◆ WORK ORDER ◆
Using the records below, transcribe word for word the stretch from the line that contains "美品 Christian Dior" through the line that contains "Ένα νέο ταξίδι", both end lines included, and nothing else.
━━━ THE RECORDS
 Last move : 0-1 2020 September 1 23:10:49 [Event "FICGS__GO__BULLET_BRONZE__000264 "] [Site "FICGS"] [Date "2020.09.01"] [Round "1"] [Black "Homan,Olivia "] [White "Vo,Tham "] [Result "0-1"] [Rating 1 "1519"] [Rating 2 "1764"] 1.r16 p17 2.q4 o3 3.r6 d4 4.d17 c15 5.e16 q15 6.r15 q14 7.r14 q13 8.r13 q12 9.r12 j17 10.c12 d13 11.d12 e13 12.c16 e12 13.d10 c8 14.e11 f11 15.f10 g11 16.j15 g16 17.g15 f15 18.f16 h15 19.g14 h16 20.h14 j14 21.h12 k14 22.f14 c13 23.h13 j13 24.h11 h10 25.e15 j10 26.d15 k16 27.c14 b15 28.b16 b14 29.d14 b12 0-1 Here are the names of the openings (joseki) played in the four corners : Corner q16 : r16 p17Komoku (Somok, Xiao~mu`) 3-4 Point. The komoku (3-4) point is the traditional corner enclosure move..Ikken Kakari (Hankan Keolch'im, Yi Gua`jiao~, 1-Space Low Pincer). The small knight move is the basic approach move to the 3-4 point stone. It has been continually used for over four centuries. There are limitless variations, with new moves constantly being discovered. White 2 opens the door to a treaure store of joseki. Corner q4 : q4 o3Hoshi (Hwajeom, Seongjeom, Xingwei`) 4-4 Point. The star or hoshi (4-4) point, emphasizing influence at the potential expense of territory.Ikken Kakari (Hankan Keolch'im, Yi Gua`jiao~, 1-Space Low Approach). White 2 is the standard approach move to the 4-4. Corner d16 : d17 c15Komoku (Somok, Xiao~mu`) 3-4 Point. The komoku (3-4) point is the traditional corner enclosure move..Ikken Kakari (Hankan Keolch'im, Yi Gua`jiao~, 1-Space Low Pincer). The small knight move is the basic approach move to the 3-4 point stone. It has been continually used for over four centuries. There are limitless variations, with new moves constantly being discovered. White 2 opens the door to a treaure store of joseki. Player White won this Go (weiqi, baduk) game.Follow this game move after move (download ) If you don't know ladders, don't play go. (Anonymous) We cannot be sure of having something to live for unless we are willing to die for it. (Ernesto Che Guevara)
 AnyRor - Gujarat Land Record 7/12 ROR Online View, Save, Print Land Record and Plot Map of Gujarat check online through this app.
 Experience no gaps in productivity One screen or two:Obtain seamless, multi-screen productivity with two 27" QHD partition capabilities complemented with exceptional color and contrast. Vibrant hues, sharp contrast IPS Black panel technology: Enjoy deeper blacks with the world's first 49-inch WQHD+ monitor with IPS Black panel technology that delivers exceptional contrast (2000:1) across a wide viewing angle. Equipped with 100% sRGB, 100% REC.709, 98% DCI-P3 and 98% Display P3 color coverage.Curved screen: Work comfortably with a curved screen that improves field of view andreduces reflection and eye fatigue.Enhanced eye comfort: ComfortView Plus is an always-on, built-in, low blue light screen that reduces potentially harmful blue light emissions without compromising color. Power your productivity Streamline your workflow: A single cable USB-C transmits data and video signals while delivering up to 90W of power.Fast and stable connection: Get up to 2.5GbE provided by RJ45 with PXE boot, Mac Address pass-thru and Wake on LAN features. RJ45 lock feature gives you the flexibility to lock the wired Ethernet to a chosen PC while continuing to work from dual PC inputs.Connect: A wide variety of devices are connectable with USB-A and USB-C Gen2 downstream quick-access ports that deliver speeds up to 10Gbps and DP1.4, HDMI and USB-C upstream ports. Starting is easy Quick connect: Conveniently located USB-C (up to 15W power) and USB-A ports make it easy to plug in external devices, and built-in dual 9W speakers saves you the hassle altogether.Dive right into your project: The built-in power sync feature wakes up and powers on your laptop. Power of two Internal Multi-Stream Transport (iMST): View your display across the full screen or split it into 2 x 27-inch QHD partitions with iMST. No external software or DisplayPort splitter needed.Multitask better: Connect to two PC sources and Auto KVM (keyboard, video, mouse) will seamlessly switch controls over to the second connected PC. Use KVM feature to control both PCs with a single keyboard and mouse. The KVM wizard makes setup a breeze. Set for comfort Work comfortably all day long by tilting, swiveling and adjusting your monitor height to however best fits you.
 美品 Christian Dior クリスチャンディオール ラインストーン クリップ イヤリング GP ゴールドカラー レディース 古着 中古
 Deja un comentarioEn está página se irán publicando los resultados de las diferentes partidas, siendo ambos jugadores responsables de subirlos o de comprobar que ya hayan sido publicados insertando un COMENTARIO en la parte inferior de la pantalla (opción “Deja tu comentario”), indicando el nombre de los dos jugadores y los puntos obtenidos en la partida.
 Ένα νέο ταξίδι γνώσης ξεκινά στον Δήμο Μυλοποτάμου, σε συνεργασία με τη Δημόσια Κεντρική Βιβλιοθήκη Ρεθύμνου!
━━━━━━
━━━ THE RECORDS
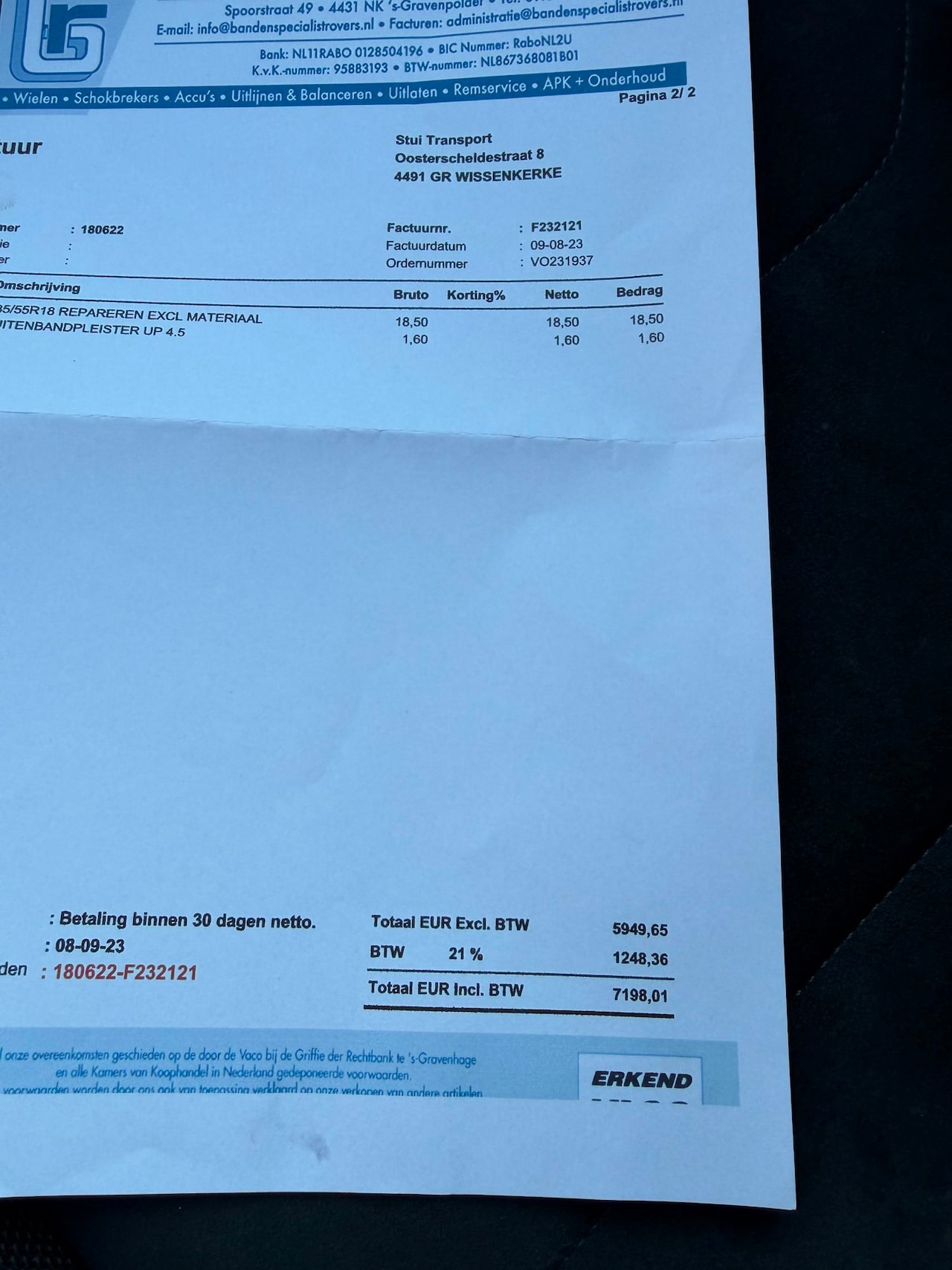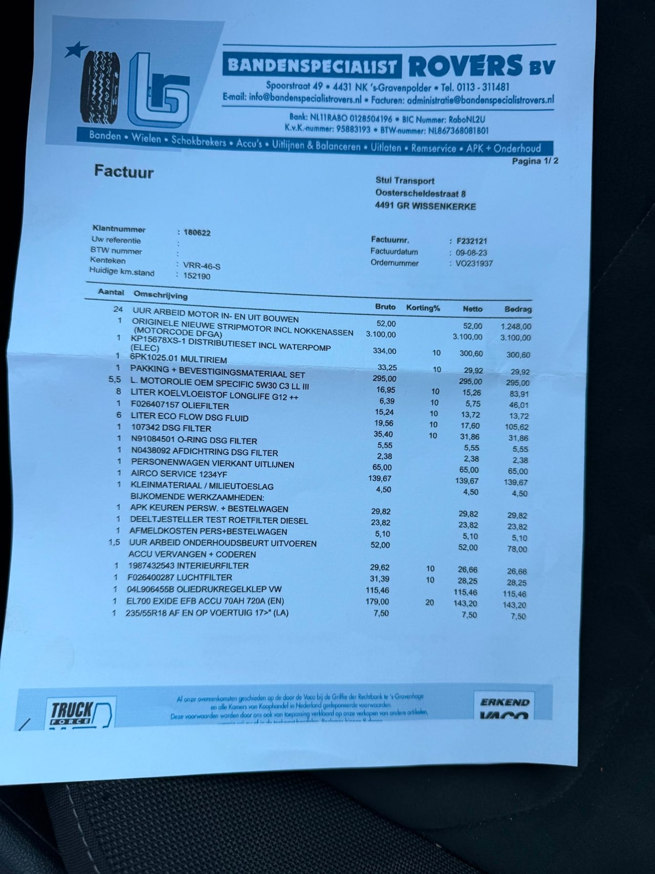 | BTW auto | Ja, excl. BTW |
━━━━━━
◆ ANSWER TO THIS TASK ◆
 美品 Christian Dior クリスチャンディオール ラインストーン クリップ イヤリング GP ゴールドカラー レディース 古着 中古
 Deja un comentarioEn está página se irán publicando los resultados de las diferentes partidas, siendo ambos jugadores responsables de subirlos o de comprobar que ya hayan sido publicados insertando un COMENTARIO en la parte inferior de la pantalla (opción “Deja tu comentario”), indicando el nombre de los dos jugadores y los puntos obtenidos en la partida.
 Ένα νέο ταξίδι γνώσης ξεκινά στον Δήμο Μυλοποτάμου, σε συνεργασία με τη Δημόσια Κεντρική Βιβλιοθήκη Ρεθύμνου!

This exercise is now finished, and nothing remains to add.